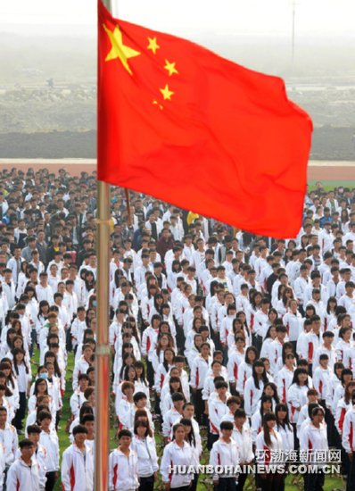 图:开学典礼上,7000名大学生见证国旗首次在新校园升起。
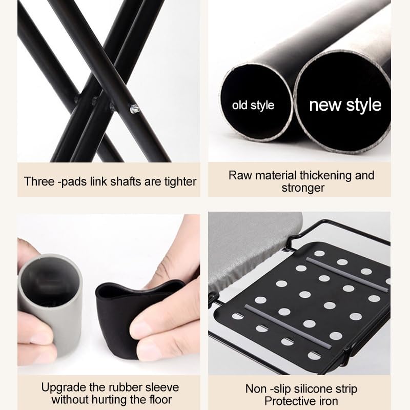 - Adjustable Height: The height can be easily adjusted, with 6 levels of adjustment, so you can adjust the appropriate height for use at any time. The ironing board is fixed in place when in use and closed securely when not in use.
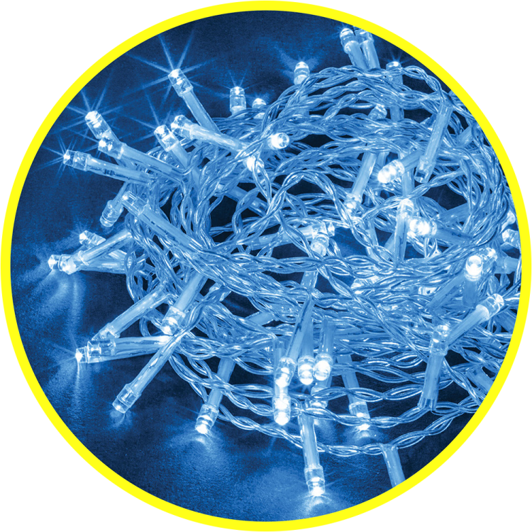 тип гирлянды- нить; цвет свечения - синий; 8 режимов свечения; общая длина - 6,5 м; длина провода до первого светодиода - 1,5 м; количество светодиодов - 100 шт; расстояние между светодиодами - 5 см; тип провода - прозрачный ПВХ; степень защиты - IP20; температура эксплуатации от - 20 до +40°С; срок службы - 50000 часов; гарантия -12 месяцев.
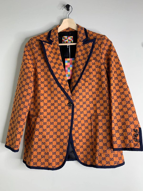 Этот яркий и стильный жакет Gucci LUX-55336, выполненный в насыщенном оранжевом цвете, мгновенно привлекает внимание своим узнаваемым монограммным принтом GG. Контрастная темно-синяя окантовка по воротнику, краям и манжетам придает изделию элегантность и завершенность. Пиджак застегивается на одну пуговицу, а на рукавах присутствуют декоративные пуговицы. Модель идеально подходит для создания запоминающихся образов в стиле casual chic, а также может стать эффектным акцентом в более формальном наряде.
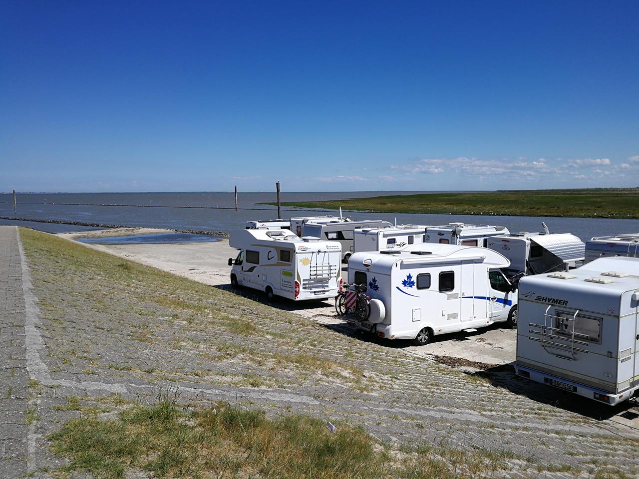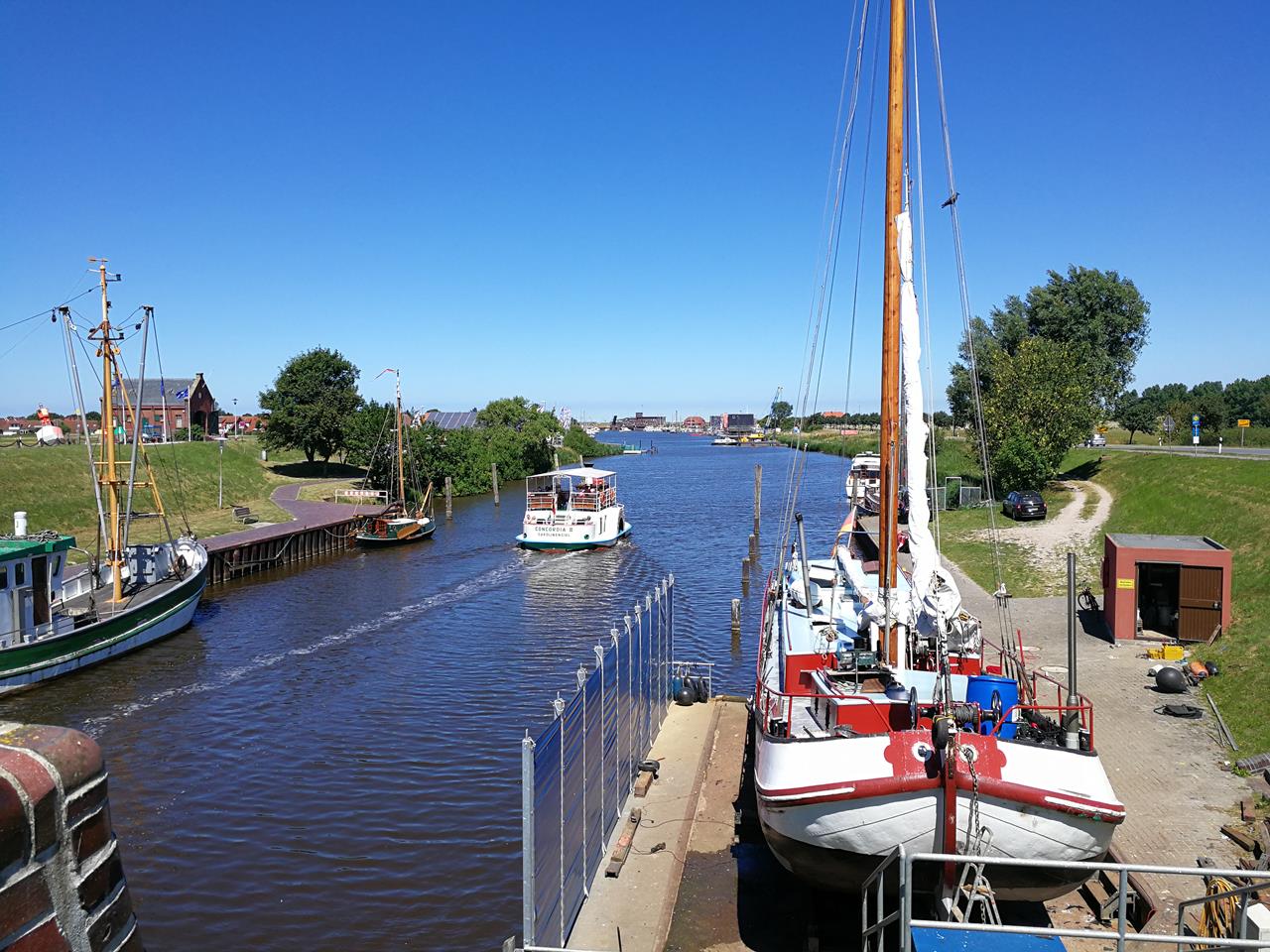 Auf unserer Fahrradtour nach Carolinensiel machen wir auch einen Abstecher in den nur rund tausend Meter entfernten Badeort Harlesiel an der Mündung der Harle in die Nordsee. Im Hafen legen die Fähren zur ostfriesischen Insel Wangerooge ab. Am großen PKW-Parkplatz endet die Bundesstraße 461.
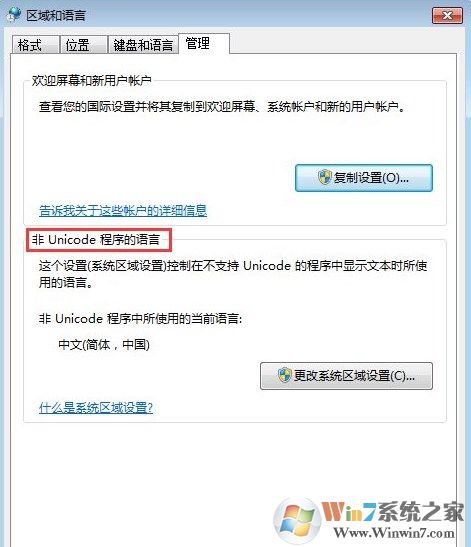3、在“區(qū)域和語言”屬性對(duì)話框中,切換到“管理選項(xiàng)”,這時(shí)會(huì)看到“非Unicode程序的語言”,這就是在設(shè)置語言時(shí)設(shè)置不當(dāng)造成的;
━━━━
### What is being asked:
Everything in the data except the pictures needs to be written out exactly.

### Task solution:
 图:开学典礼上,7000名大学生见证国旗首次在新校园升起。
 - Adjustable Height: The height can be easily adjusted, with 6 levels of adjustment, so you can adjust the appropriate height for use at any time. The ironing board is fixed in place when in use and closed securely when not in use.
 тип гирлянды- нить; цвет свечения - синий; 8 режимов свечения; общая длина - 6,5 м; длина провода до первого светодиода - 1,5 м; количество светодиодов - 100 шт; расстояние между светодиодами - 5 см; тип провода - прозрачный ПВХ; степень защиты - IP20; температура эксплуатации от - 20 до +40°С; срок службы - 50000 часов; гарантия -12 месяцев.
 Этот яркий и стильный жакет Gucci LUX-55336, выполненный в насыщенном оранжевом цвете, мгновенно привлекает внимание своим узнаваемым монограммным принтом GG. Контрастная темно-синяя окантовка по воротнику, краям и манжетам придает изделию элегантность и завершенность. Пиджак застегивается на одну пуговицу, а на рукавах присутствуют декоративные пуговицы. Модель идеально подходит для создания запоминающихся образов в стиле casual chic, а также может стать эффектным акцентом в более формальном наряде.
 Auf unserer Fahrradtour nach Carolinensiel machen wir auch einen Abstecher in den nur rund tausend Meter entfernten Badeort Harlesiel an der Mündung der Harle in die Nordsee. Im Hafen legen die Fähren zur ostfriesischen Insel Wangerooge ab. Am großen PKW-Parkplatz endet die Bundesstraße 461.
3、在“區(qū)域和語言”屬性對(duì)話框中,切換到“管理選項(xiàng)”,這時(shí)會(huì)看到“非Unicode程序的語言”,這就是在設(shè)置語言時(shí)設(shè)置不當(dāng)造成的;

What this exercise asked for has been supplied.